I'm going to divide the trip up into chunks, so I can savour remembering each part all over again all by itself! And because it would be a very long post if I didn't.
Bentota was my first stop in Sri Lanka, and my favourite. Maybe because I got to see the beauty in everything for the first time, that later in the trip would seem normal. I love the feeling of seeing everything with such fresh eyes, alert to the smallest and humblest of charms.

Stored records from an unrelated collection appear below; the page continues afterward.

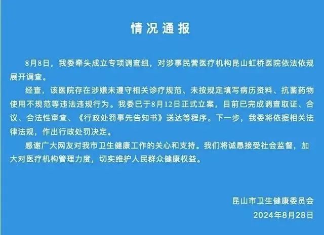 8月28日,昆山市卫生健康委发布情况报告。通知称,8月8日,昆山市卫生健康委牵头成立专项调查组,依法对涉案民营医疗机构昆山虹桥医院进行调查。经调查,该医院涉嫌未遵守相关诊疗规范、未按规定填写病历、抗菌药物使用不合规等违法行为。昆山市卫生健康委于8月12日正式立案。
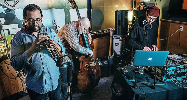 Trumpeter Jaime Breiwick, producer/DJ Ian Carroll, and bassist John Christensen began their first show as KASE with a stop-start approach, patiently threading trumpet melodies and understated rhythms through the chatter of a Saturday night crowd at The Highbury Pub in Bay View. Over the next hour or so, the improvisational trio built up to more aggressive beats and a more enveloping palette of acoustic and electric sounds. They built on the thumping union of Carroll’s drum samples and Christensen’s upright bass, the eerie flow of Breiwick’s sustained trumpet notes over Carroll’s nimble record-scratching, and a balance of sturdy grooves against the subtlety of ambient music.
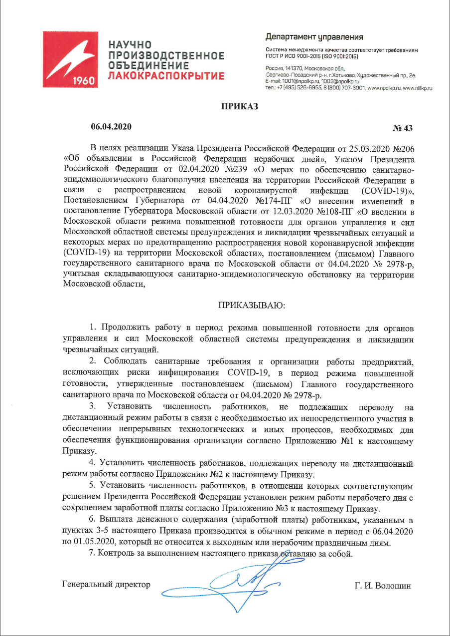 НПО «Лакокраспокрытие» продолжает работать в штатном режиме
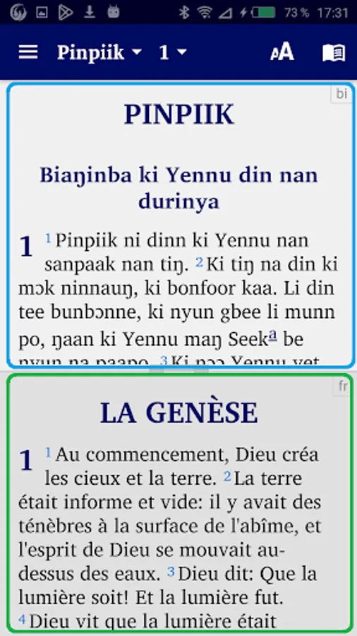 - "verse by verse" to display a verse in Bimoba followed by the same verse in English or in French.
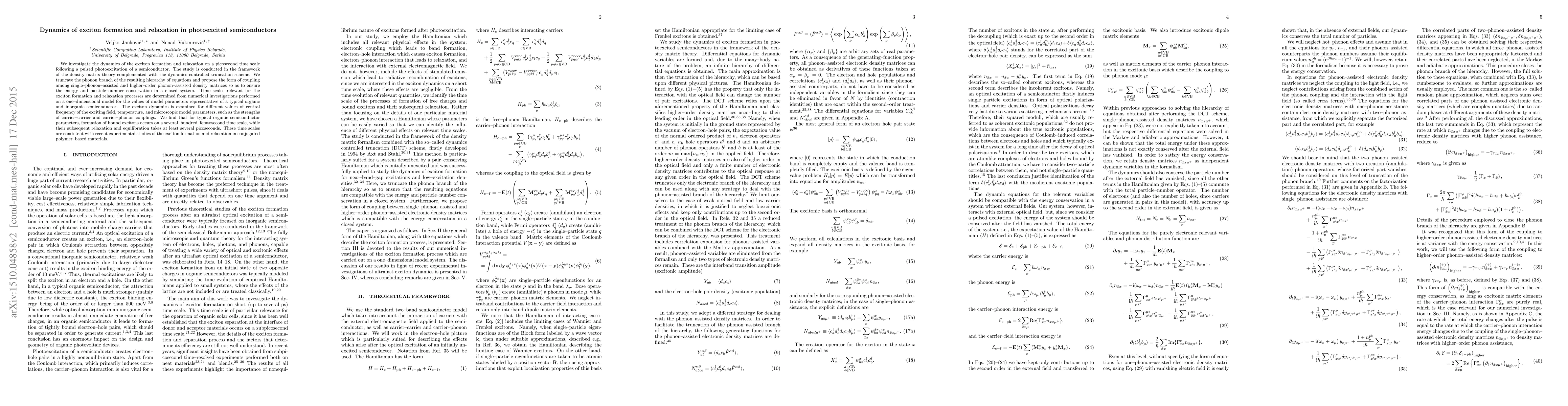 We investigate the dynamics of the exciton formation and relaxation on a picosecond time scale following a pulsed photoexcitation of a semiconductor. The study is conducted in the framework of the density matrix theory complemented with the dynamics controlled truncation scheme. We truncate the phonon branch of the resulting hierarchy of equations and propose the form of coupling among single-phonon-assisted and higher-order phonon-assisted density matrices so as to ensure the energy and particle-number conservation in a closed system. Time scales relevant for the exciton formation and relaxation processes are determined from numerical investigations performed on a one-dimensional model for the values of model parameters representative of a typical organic and inorganic semiconductor. The exciton dynamics is examined for different values of central frequency of the exciting field, temperature, and microscopic model parameters, such as the strengths of carrier-carrier and carrier-phonon couplings. We find that for typical organic semiconductor parameters, formation of bound excitons occurs on a several-hundred-femtosecond time scale, while their subsequent relaxation and equilibration takes at least several picoseconds. These time scales are consistent with recent experimental studies of the exciton formation and relaxation in conjugated polymer-based materials.

However before we get to Bentota there is a drive... a chaotic, sensory overload of a drive, from Colombo through the coastal towns of east Sri Lanka. This was my first realisation that nothing on this trip was going to be as I imagined... but rather much more vividly better and unexpected! I had pictured sleepy coastal towns, the cliched palm trees rustling in the wind, sea and sand. How boring, on reflection, that would have been. Instead Colombo stretched into town after town of bustling activity... all along the road were ramshackle huts languid but busy with the activity of daily life... men fixing bikes in small shacks, towns full of wood-workers carving cricket bats in the sun, busy towns heaving with buses and shops selling mobile phones, clothes, all the accoutrements of modern life, smaller villages trading coconuts from stalls lining the shore. Not one shop looked the same, not one chain store or faceless corporation to be seen. Nothing hidden... but rather life in all it's glory, playing out along a dusty, crowded and frankly rather dangerous road!

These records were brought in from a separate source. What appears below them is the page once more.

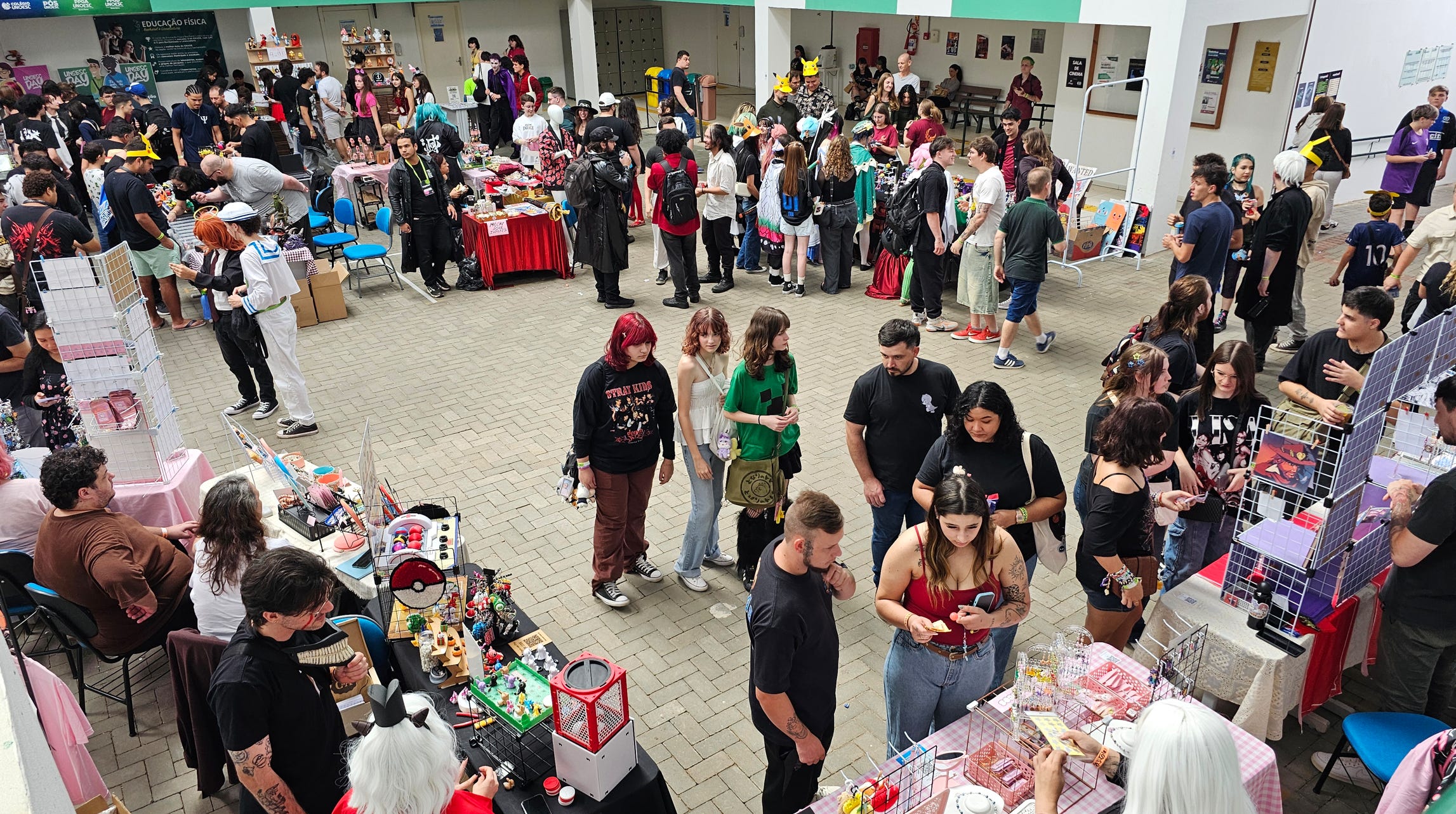 Os bancos e praças da Unoesc também foram povoados por cosplayers conversando, jogando boardgames e trocando cartas de Pokémon TCG. Ao invés de esperar em filas por brindes, como acontece em eventos maiores, feiras menores incentivam algo diferente: conhecer a cultura local e as pessoas ao seu redor.
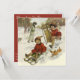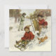 Ilustração antiga imagem de Feliz Natal com meninas e meninos felizes brincando e deslizando em uma colina coberta de neve no Dia de Natal. O irmão e a irmã estão se divertindo com seu novo trenó enquanto seu cachorrinho terrier está se divertindo também! Saudações da Temporada!
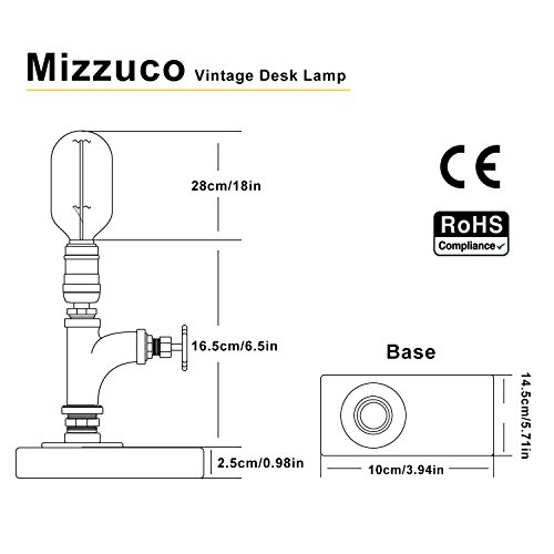 Vintage Desk Lamp,Dimmable Retro Industrial Desk Light Iron Pipe Table Lamp

By the time we arrived my eyes were sore from taking so much in (not to mention my hands, from gripping tightly to the non-functioning seatbelt that dangled uselessly by my side) and I felt drunk with the excitement of being so utterly captivated and surprised. After I settled in I took my first of many cycles through the village behind my guesthouse. Again what I saw both surprised and moved me beyond measure. The homes were so simple, and often shacks or simply made bungalows, but so pretty and surrounded by the lushest jungle I had ever seen. One lot blended into another, with vegetable gardens, cows, dogs, washing wells and old bikes dotting the forest floor. No-one seemed to be inside, instead people sat in doorways or on porches, talking or playing depending on their age. To me it seemed utopian, and although I know it's easy to don rose coloured glasses when viewing another culture what I saw seemed to me more right than any apartment building or walled off suburban lot than I have ever seen. The small village heaved with life, as rich and substantial as the jungle enveloping it.
As I returned, prayers began to play over a loud speaker and float through the dusky evening sky to indicate the end of the fasting period for Ramadam. I lay on my back on the pool as the music swirled all around me and the first stars began to appear in the sky.
And had the feeling... that this was just the place I wanted to be.